Loud Eminem song in the background, but I’ve already been awake for 12 minutes, because I remembered mid dream (generally about soccer) that I have class today. Lay in bed through the song, and halfway through the next. Get up. Shower. Pack my bag. Chef pants? Check. Jacket? Check. Neck Handkerchief thing? Unfortunately, check... Towel, clean? Sure. Spoon, Fork, Pen, Name Tag? Quadruple Check. Change for the Delicious peach tea at school, or when I'm feeling really daring, Orangina? 1 Euro, Check. Every thing is there, good. Bag packed, I wander dreary eyed to the kitchen. Where a cereal bowl full of coffee awaits me, sometimes hot, usually cold from the day before when I woke up at 2. I drink it, say Bonjourneé to whoever is present, and depart. 21 blocks lie between my school and me. I usually complete the journey in 12-15 minutes, depending on traffic, and what the meat looks like at the butcher shop. I arrive at school, "Bonjour" the receptionist(s). (Although I'm not quite sure what they do, but they're listed ahead of the chefs on the school directory, strange). Walk to the locker room. Michael Pappas, a friend of mine here, gets a good morning, how are ya doing, and I enter the locker room. Imagine a dorm room. Add 60 3-foot tall lockers, stacked on top of each other, and 20 grown men at one time, and you've arrived at the LCB locker rooms. It is a lot like twister, arriving to your locker, jostling, reaching, ducking, and a few elbows thrown in. Clothes off, School clothes on.
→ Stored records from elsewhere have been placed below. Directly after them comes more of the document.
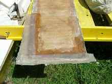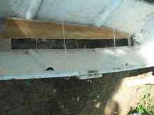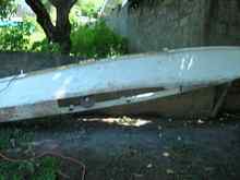 FIXING IT: Had a hole in the bottom of boat one. Evidently some rocks under the keel, hidden by sand; too many kids jumping on it, over too long a period of time. Cut out the bottom where it had the holes - see cutter above. Sanded both sides extensively - see same tool above.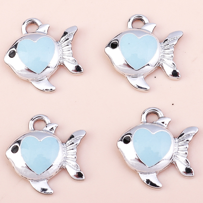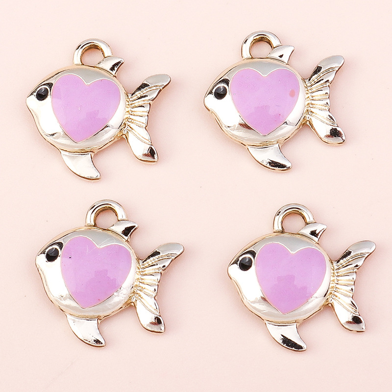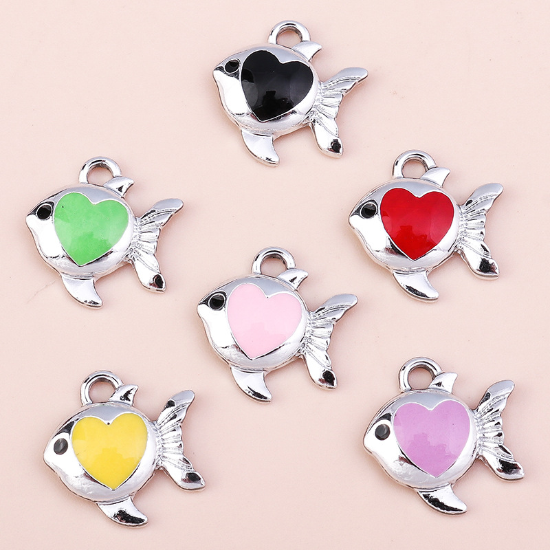 Colgantes de esmalte de la aleación del cinc, aleación de zinc, Pez, chapado, más colores para la opción, 22x25x5mm, Vendido por UD
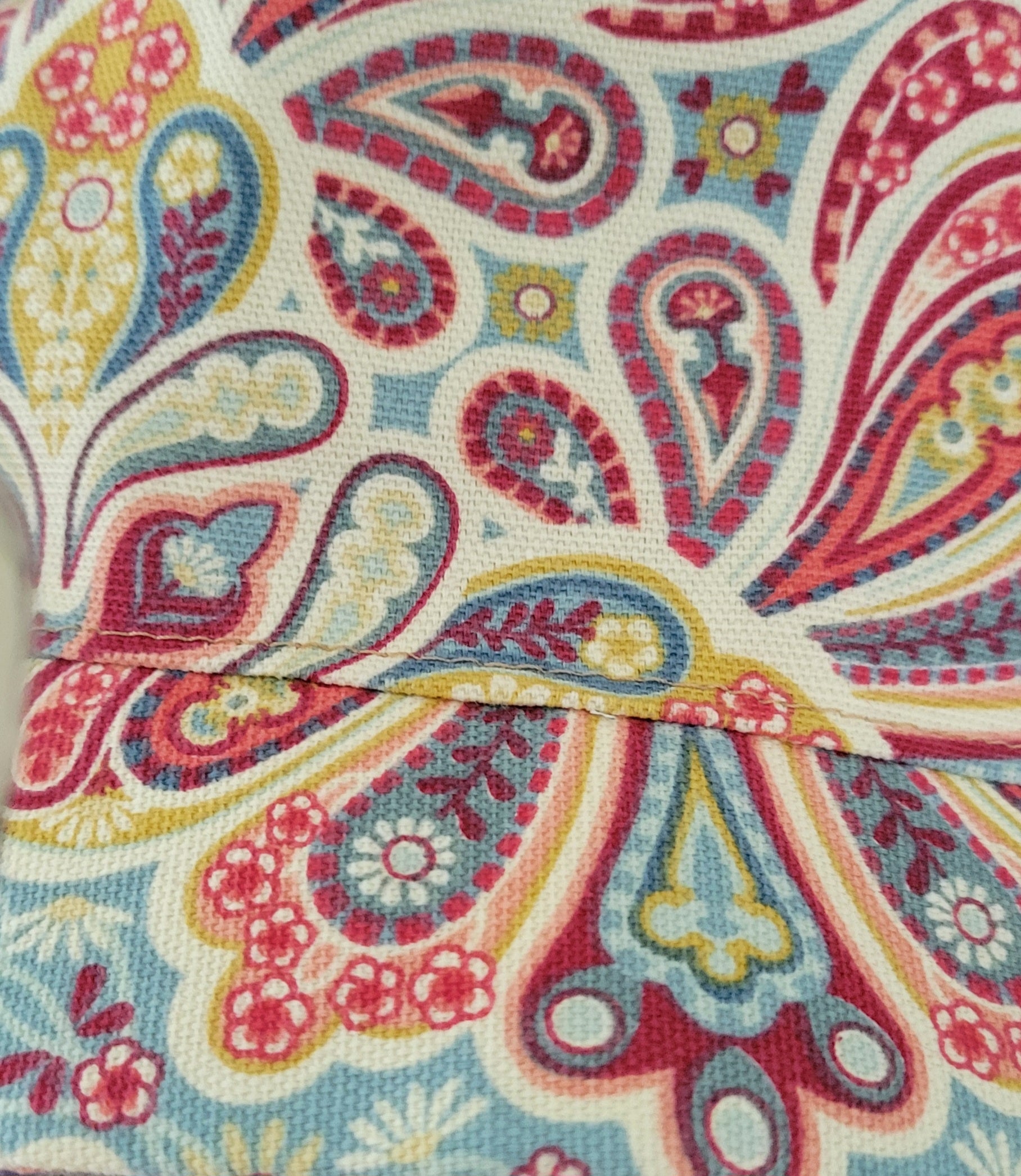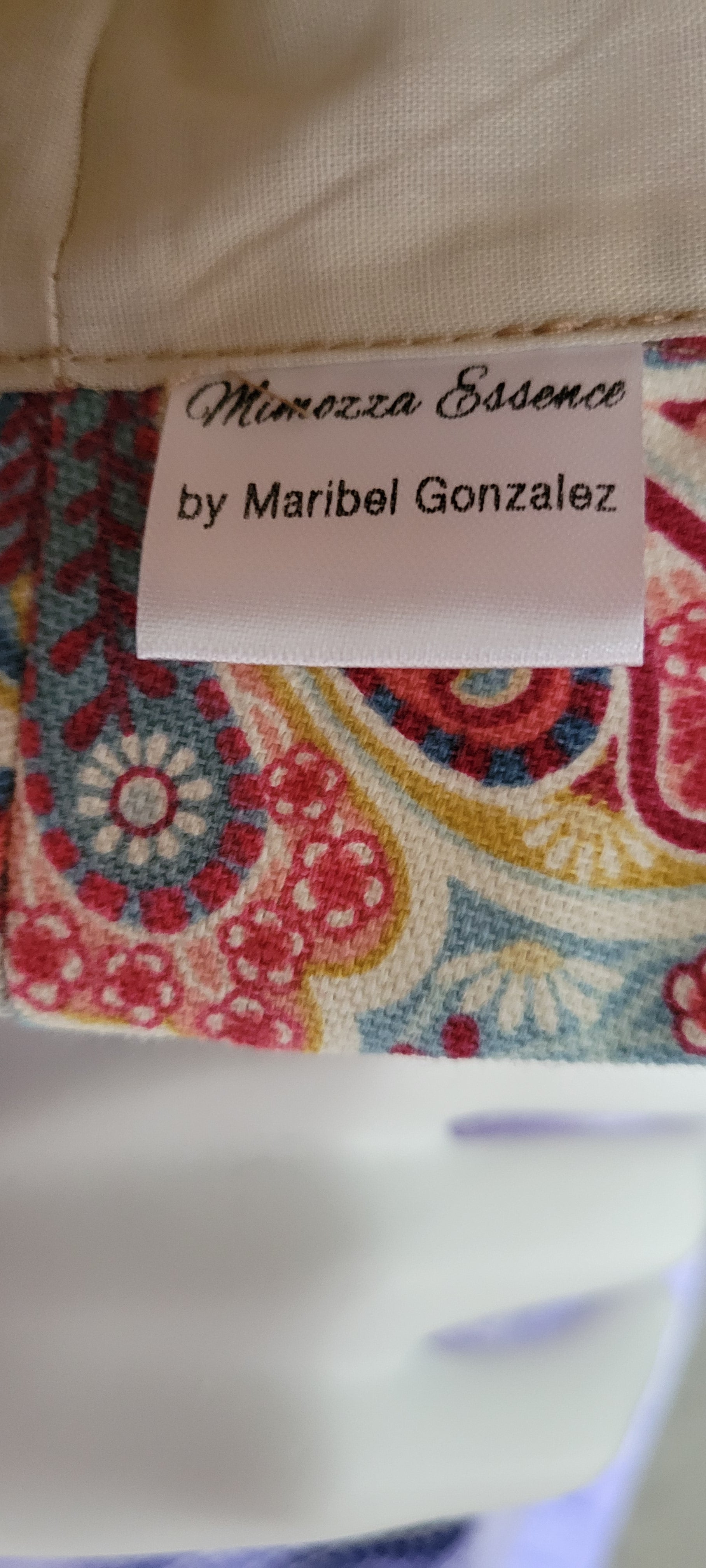 It is made of cotton canva fabric. Color: multicolor over cream base color.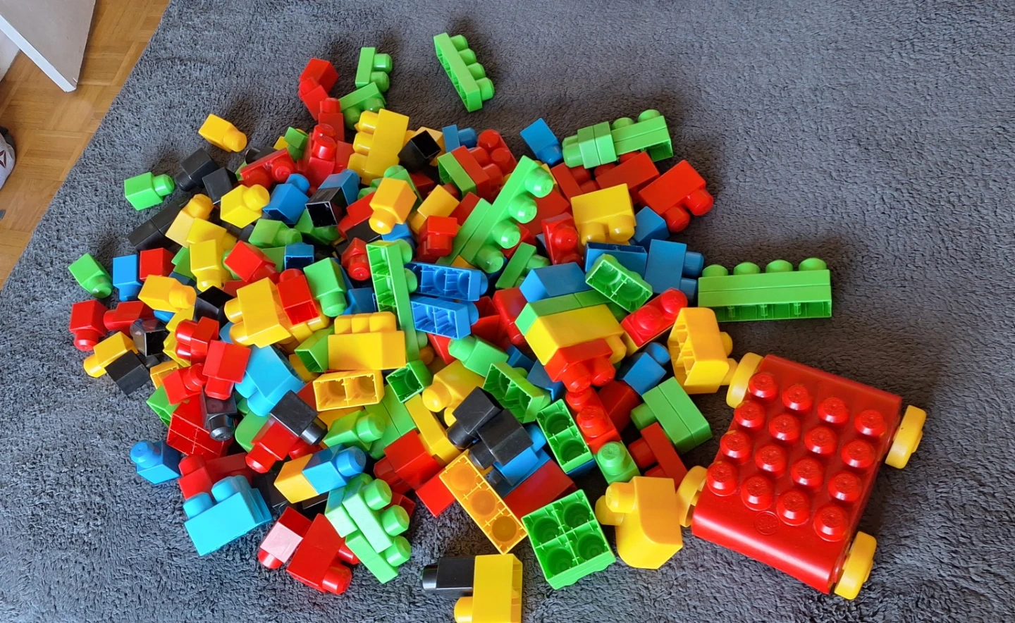 A collection of colourful building blocks, perfect for creative play! They come in assorted colours like red, yellow, green, and blue. Great for kids to explore their imagination and build fun structures.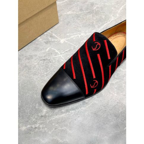 CL Men Loafers Stripe Logo Embroidery Velvet Black Red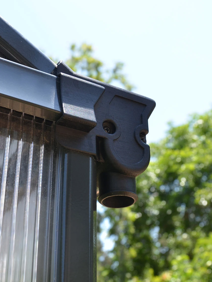 - 10 mm (0.4″)-thick hail-resistant, high impact twin-wall polycarbonate panels, which are 100% UV-protected, providing extra protection and ideal insulation

Alas, it is only a Demo, no knives, hat, or handkerchief needed, but a notebook is. 3 hours of lecture on the proper cooking technique of a potato later, it is finished. If you're lucky, the day is through until tomorrow. But if you're not, Practical awaits in less then 14 minutes. I run back to my locker, grab my knives, towel, apron, hat, handkerchief and my notes, a Tupperware, and a scale, and wait to go to class. While outside, I check my pocket for the euro, no dice. The tea is looking quite delicious today. I turn to a classmate, "watch my stuff?" and sprint back in to the entangled mass that is the locker room. I find the change, walk out, buy my tea, and drink it in a matter of two gulps; it was one of those demos..



Dressed and ready, I enter the kitchen. Each of us our own 4 top, and oven, and granite counter. Racks, and fridges are sometimes shared, so you better get your stuff out quickly.
Chef enters. Mind you this is a completely different chef then demo, with a completely different style. He could be more relaxed, not making you chop the onion so fine, or, he could be a stickler for tradition, watching your every move. Needless to say, I prefer the former. "Allez, Allez" screams the chef, "Lets go." And were off, breaking down chickens, vegetables, fish, veal, you name it. 2 and a half hours we have. The first 40 minutes are the slowest, a lot of peeling, slicing, dicing, and starting of sauces, jus, and other sorts of delicious moisturizers. An hour in, sweat is starting, I can't find my paring knife, where is it. Oh, it’s inside the chickens butt, wonderful. "Mr. Brian, you make mistake." "Que Chef?" Then a smattering of French erupts out of him, something along the lines of too much water in my sauce pan for my carrots, or it could be about the French Revolution, I thought I heard émeute de pain in there somewhere, But, I think not. Chef pours my water out, and adds literally half a stick of butter.. Gaping at him, Chef says "C'est Bon" its good, and moves down the line to chastise Mitsuko's use of her chef’s knife to peel a carrot. 2 hours down, time to finish, add my cream, butter, and salt to everything, taste, and plate. While chef is eating other people's food, "You make clean" as one chef put it. I scrub, wipe dry, and scrub again with vinegar, every surface you used. When I finish, I help clean the people around me clean, or eat, or wrap my food up for the dishwasher, because I cannot eat an entire chicken by myself, again. General comments from chef. "Plus sel, Réduisez plus, C'est bon, Pourquoi vous n'avez pas utilisé de chinois?" Clean my serving plate, and I leave. I undress; pack my bags, and head home, awaiting me is another day. Sleep, and wake up because Even Fiffles told me I couldn't play today because I had to cook a duck.